**Material supplied**
········

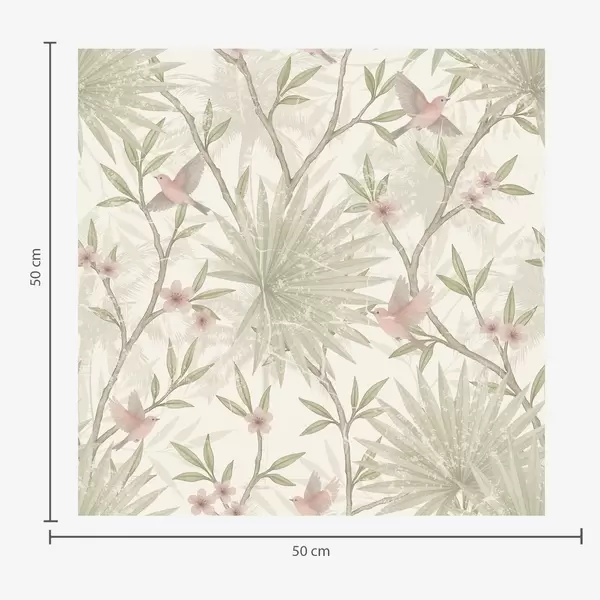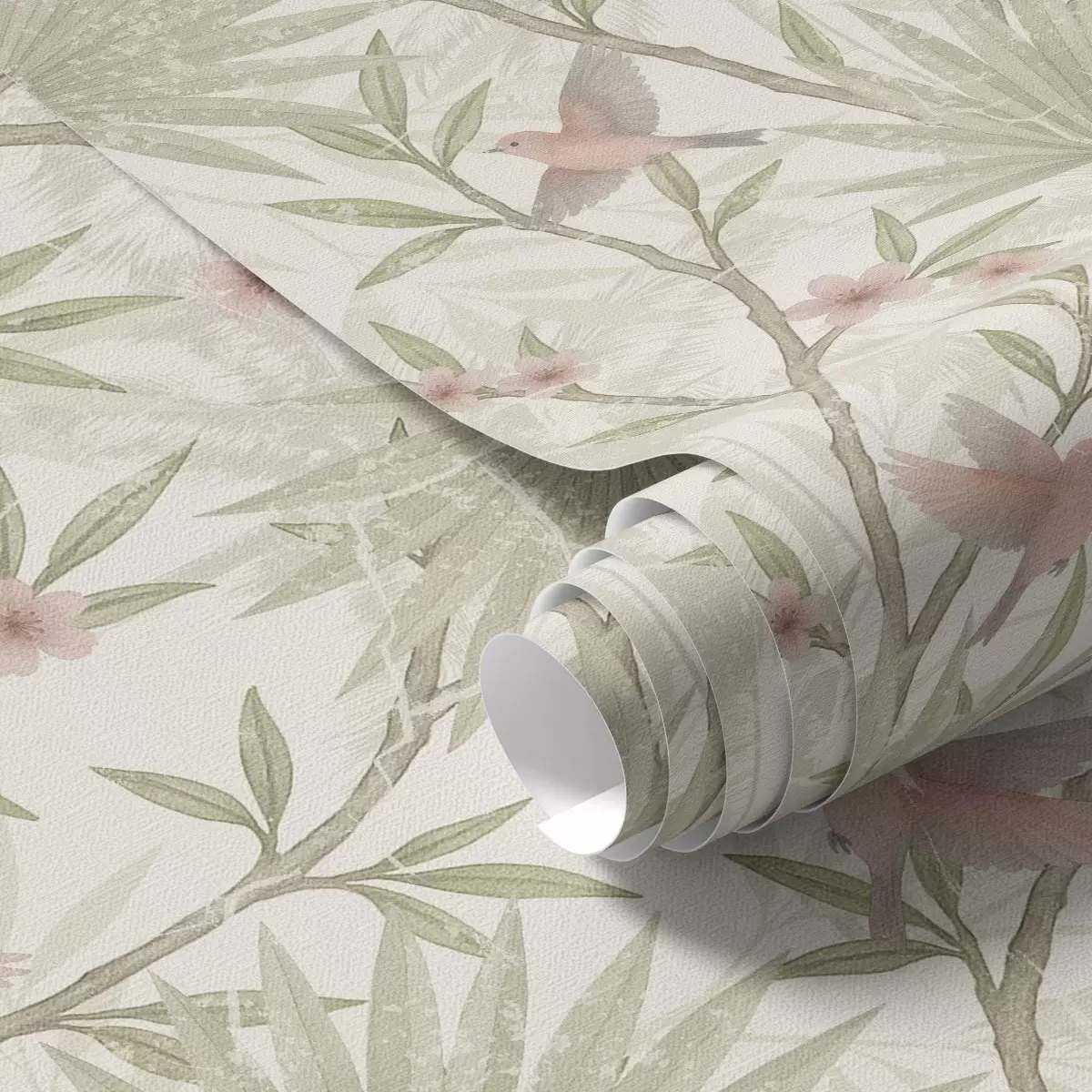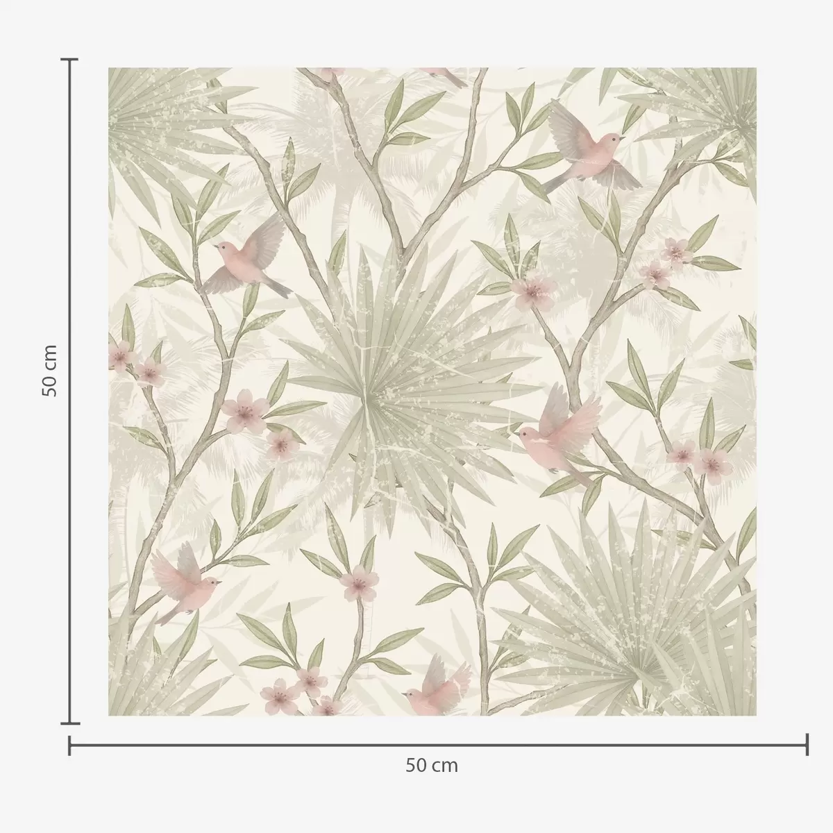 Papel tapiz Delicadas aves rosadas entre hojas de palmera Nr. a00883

········

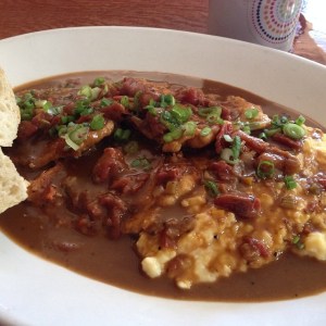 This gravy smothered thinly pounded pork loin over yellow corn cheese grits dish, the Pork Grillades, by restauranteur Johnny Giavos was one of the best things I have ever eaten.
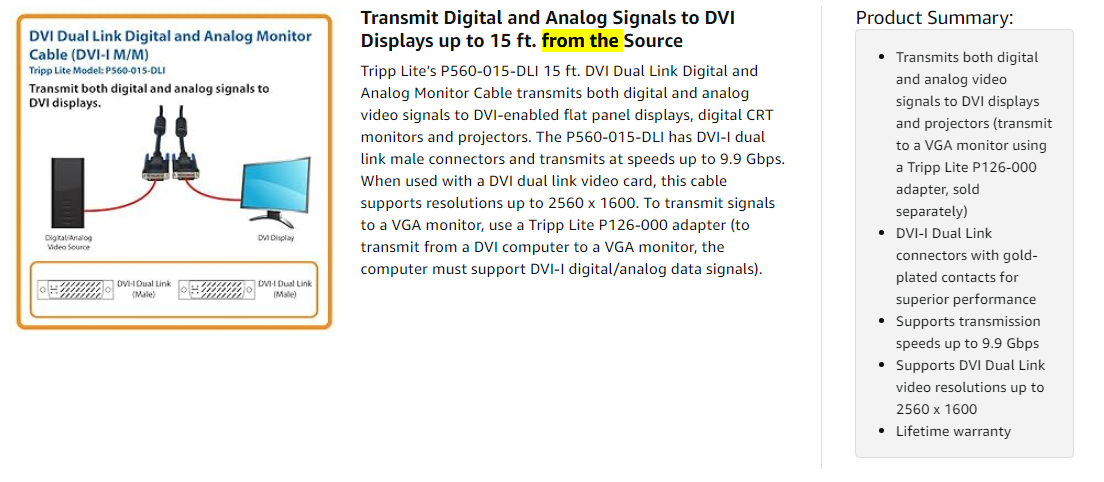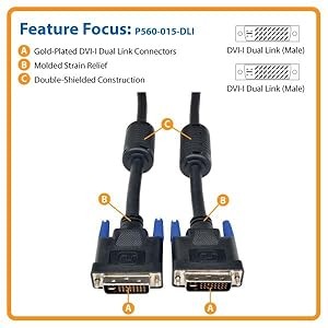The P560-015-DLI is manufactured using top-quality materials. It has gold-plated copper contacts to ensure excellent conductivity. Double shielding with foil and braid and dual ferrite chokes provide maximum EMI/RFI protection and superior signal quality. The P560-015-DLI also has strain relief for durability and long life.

········

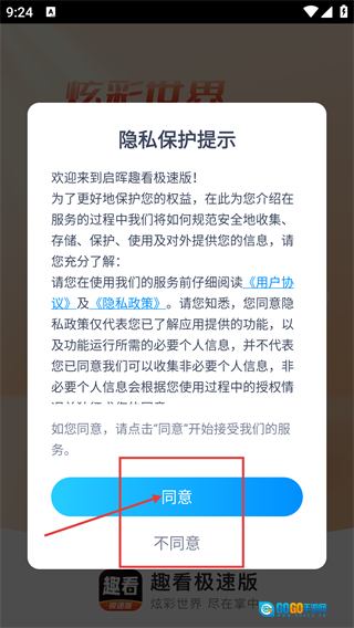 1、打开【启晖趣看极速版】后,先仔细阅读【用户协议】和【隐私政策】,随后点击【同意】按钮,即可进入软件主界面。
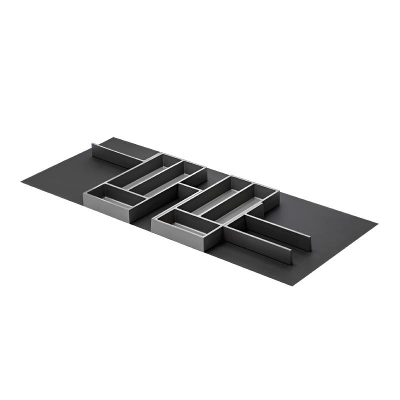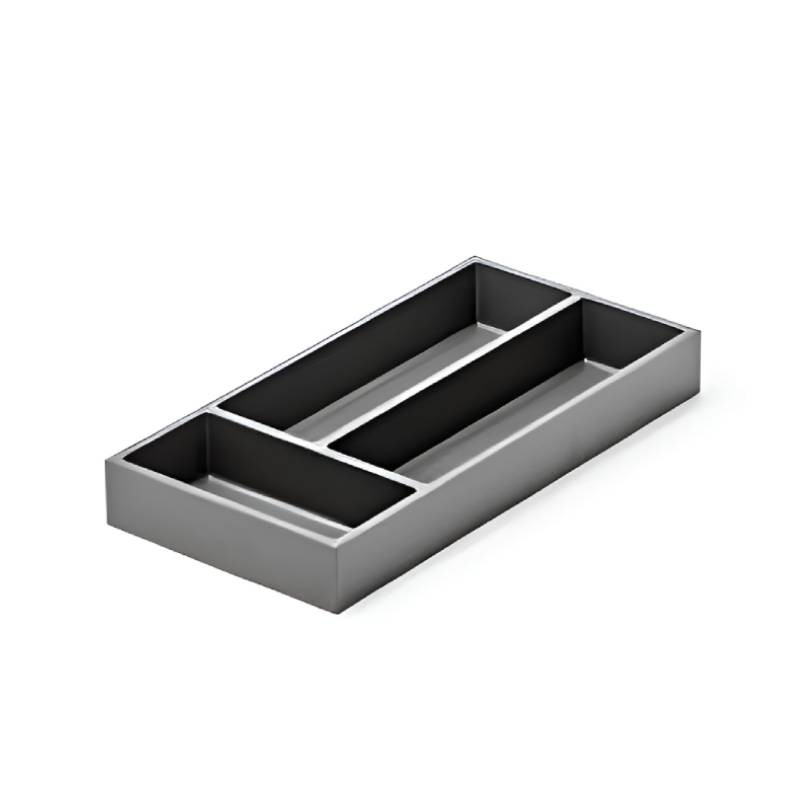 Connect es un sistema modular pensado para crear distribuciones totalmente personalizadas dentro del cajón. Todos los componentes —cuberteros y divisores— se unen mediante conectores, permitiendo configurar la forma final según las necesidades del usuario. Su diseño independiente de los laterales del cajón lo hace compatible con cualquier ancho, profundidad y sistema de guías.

········

**Prompt**
Exactly as written above, retype the lines starting at the one holding "1、打开【启晖趣看极速版】后" and ending at the one holding "Connect es un", both included, but not the pictures.

**Written solution**
 1、打开【启晖趣看极速版】后,先仔细阅读【用户协议】和【隐私政策】,随后点击【同意】按钮,即可进入软件主界面。
 Connect es un sistema modular pensado para crear distribuciones totalmente personalizadas dentro del cajón. Todos los componentes —cuberteros y divisores— se unen mediante conectores, permitiendo configurar la forma final según las necesidades del usuario. Su diseño independiente de los laterales del cajón lo hace compatible con cualquier ancho, profundidad y sistema de guías.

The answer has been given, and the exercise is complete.